For the first time today, I finally opened one of the half dozen books that I bought over a year and a half ago (on willpower, self-control, and similar subjects). Almost hitting rock-bottom again finally caused me to act.
Well, as far as learning more about the subject, that is. Actually coming up with the effort to make the changes will be a whole different ballgame.
Anyway, I know that some of the few readers here are also dealing with longtime depression and their own demons. So I thought you might be curious what I think so far, given that I read half of it already.
My feelings are mixed. At best.
It’s well-written and introduces you to a lot of documented findings on the subject. The good news is that some of those findings involve the ability to improve your self-control by adhering to certain practice regiments.
But you also quickly find out about the limitations that human beings have when it comes to focusing on improving ourselves and changing our habits (which mostly stems from the limited amount of energy that our body can harness for periods of time).
None of that was surprising to read. But before long, it was like my own my energy issues started to waver when they mentioned (and advocated) the typical avoidance tactics for dealing with addiction.
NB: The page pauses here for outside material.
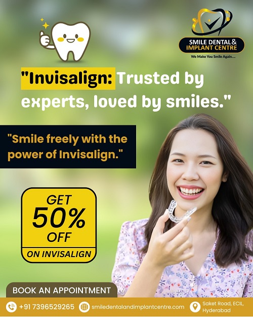 Invisalign aligners offer a clear way to straighten teeth without metal braces. Many people in Hyderabad seek this option for a discreet smile fix. The cost of Invisalign treatment in the city starts around 1.5 lakh rupees. It can go up to 3.5 lakh rupees or more, based on your needs. What sets Invisalign apart? These are custom plastic trays that fit over teeth. You swap them every few weeks as your teeth shift. Unlike braces, they stay hidden and easy to remove for meals or cleaning. Dentists in Hyderabad often pair them with check-ups to track progress. Several factors drive the price. Your age plays a role; adults pay more than kids due to complex cases. The treatment length matters too—simple fixes take six months, while tough ones need two years. Add-ons like attachments or extra trays bump up the bill. In Hyderabad, clinics in areas like Banjara Hills or Jubilee Hills charge a bit higher for top service. Local spots in Secunderabad might offer deals to attract patients. Always get a free consult first. A dentist scans your teeth and shares a custom plan with exact costs. Patients report great results. One expert from a Hyderabad dental group notes, "Invisalign cuts down on pain and visits compared to wires." Stats show over 80% of users finish on time if they wear trays 20-22 hours daily. This treatment changes lives by boosting confidence. If crooked teeth bother you, explore Invisalign costs in Hyderabad today. Invisalign Cost at Smile Dental and Implant Centre At Smile Dental and Implant Centre in Kapra, Secunderabad, Invisalign treatment costs range from Rs. 50,000 to Rs. 2, 50,000. This clear aligner system straightens teeth without traditional braces. It uses custom-made trays that patients swap out every few weeks. The clinic offers free consultations to discuss your smile goals. They also provide free scanning to map your teeth precisely. Plus, enjoy up to 60% off on select packages, making quality care more affordable. If you search for top Invisalign providers in Hyderabad, head straight to Smile Dental and Implant Centre. Their team handles cases from mild spacing issues to complex bite problems. For example, many patients fix crowded teeth or gaps with these invisible aligners. The process starts with a simple exam, and then moves to treatment planning. No wires or brackets mean less hassle in daily life. Orthodontists here bring over 15 years of hands-on experience. They guide you through each step with care. This expertise ensures results that last. Patients often leave with straighter smiles and boosted confidence. Ready to improve your teeth? Book an appointment today. Call or visit to start your journey. For an Appointment, Call +91-7396529265, +91-9490618635, +91-9490618636. More Info Visit our Website: https://smiledentalandimplantcentre.com/invisible-braces-cost-in-hyderabad/ Invisalign Offer: https://smiledentalandimplantcentre.com/get-up-to-50-off-on-invisalign-teeth-aligners-at-smile-dental-and-implant-centre-in-as-rao-nagar-secunderabad/ Check our Google Reviews and Directions: https://maps.app.goo.gl/wQ6t3GwnsLNUPP5Y8 Location: 1st floor, K Rathod Jewellers, Besides Honey Foods near Kapra Circle, Saket Road-Kapra, Ecil. ![]() | |

This was disconcerting. I’d always held out some hope that maybe, somehow or even someday, there would be a better way (as far as beating addiction goes). Dealing with those issues with mostly diversion obviously doesn’t get to the core of someone’s problems. It’s hard for me to imagine that genuine life improvements can permanently result that way.
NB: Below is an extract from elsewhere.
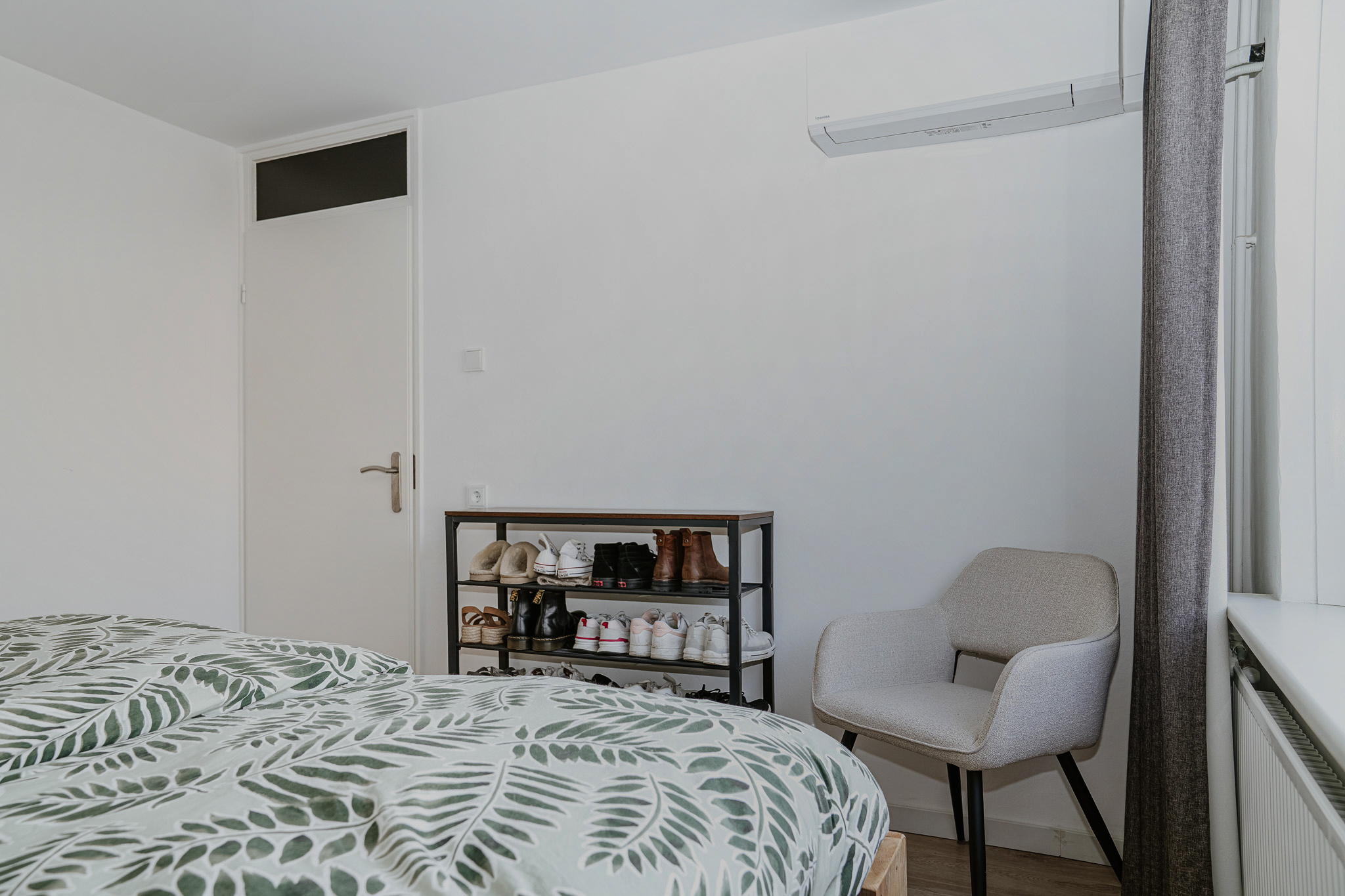 Op de voorzolder bevindt zich een dakkapel, veel bergruimte en de aansluitingen voor de wasmachine en droger. Hier zijn ook de duurzame installaties te vinden: een nieuwe Intergas HRE CV-ketel (2023), een Nibe warmtepompboiler voor tapwater (2023) en de omvormer voor de 10 zonnepanelen (2023) De vierde slaapkamer van circa 9 m² is een fijne, lichte ruimte met dakkapel.

Especially with how most 12 step programs just substitute one addiction for another. Replacing heroin with nicotine, or alcohol with jesus. All that does is continue enabling the demons that led to your addictive symptoms to begin with. It’s no wonder that they have such low long-term success rates.
And even though I’m just halfway through the book, I just get this vibe of very slight dismay. Like even though they’re confident in the possibility of people improving their willpower, the writers don’t actually believe that it WILL happen for most.
I’m afraid there’s a good reason for that: most of us just won’t be strong enough. Especially anyone who’s always dealt with depression.
That doesn’t mean that I’m giving up on this yet. I’m going to finish this book (and the rest of them). Still hope to organize all of my bad habits and demons that need dealt with, and figure out the best way to attack them one by one.
The key word there being “hope”.
Because after today, I actually feel even more doubtful than I did before.